De rechtbank zal, zoals gebruikelijk in familierechtelijke procedures, de proceskosten compenseren als hierna vermeld.

Beslissing

De rechtbank:
gelast de terugkeer van de minderjarige:
- [de minderjarige], geboren op [geboortedatum] te [geboorteplaats] (Polen),
naar Polen uiterlijk op 8 mei 2014, waarbij de moeder de minderjarige dient terug te brengen naar Polen en beveelt, indien de moeder nalaat de minderjarige terug te brengen naar Polen, dat de moeder de minderjarige met de benodigde geldige reisdocumenten aan de vader zal afgeven uiterlijk op 8 mei 2014, opdat de vader de minderjarige zelf mee terug kan nemen naar Polen;
bepaalt dat iedere partij de eigen proceskosten draagt;
wijst af het meer of anders verzochte.
Deze beschikking is gegeven door mrs. J. Brandt, M.P. Verloop en H. Dragtsma, tevens kinderrechters, bijgestaan door mr.

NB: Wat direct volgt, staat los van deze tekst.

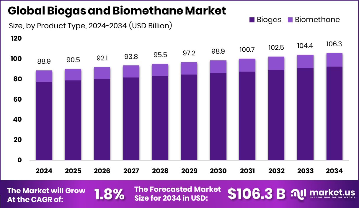 - Global Biogas and Biomethane Market is expected to be worth around USD 106.3 billion by 2034, up from USD 88.9 billion in 2024, and grow at a CAGR of 1.8% from 2025 to 2034.
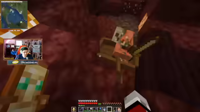 00:00:38Der Stream startet mit technischen Problemen, da Steam die Downloads stört und OBS nicht als Admin gestartet wurde. Hauptaugenmerk liegt auf der Erkundung im Nether-Bereich eines Minecraft-Servers. Es werden verschiedene Bauprojekte gezeigt, wie die Gestaltung eines Raumes mit Ranken und das Erstellen eines Nether-Portals. Die Funktionsweise des Portals und der darin mögliche Spawn von Schweinen wird eingehend diskutiert und mehrfach getestet, indem es aus- und wieder angemacht wird.

B.M.J.W. Robeerst als griffier, en uitgesproken ter openbare terechtzitting van 23 april 2014. Bij afwezigheid van de voorzitter getekend door de oudste rechter.
Van deze beschikking kan -voor zover er definitief is beslist- hoger beroep worden ingesteld binnen twee weken (artikel 13 lid 7 Uitvoeringswet internationale kinderontvoering) na de dag van de uitspraak door indiening van een beroepschrift ter griffie van het Gerechtshof Den Haag. In geval van hoger beroep zal de terechtzitting bij het hof - in beginsel - plaatsvinden in de derde of vierde week na deze beslissing.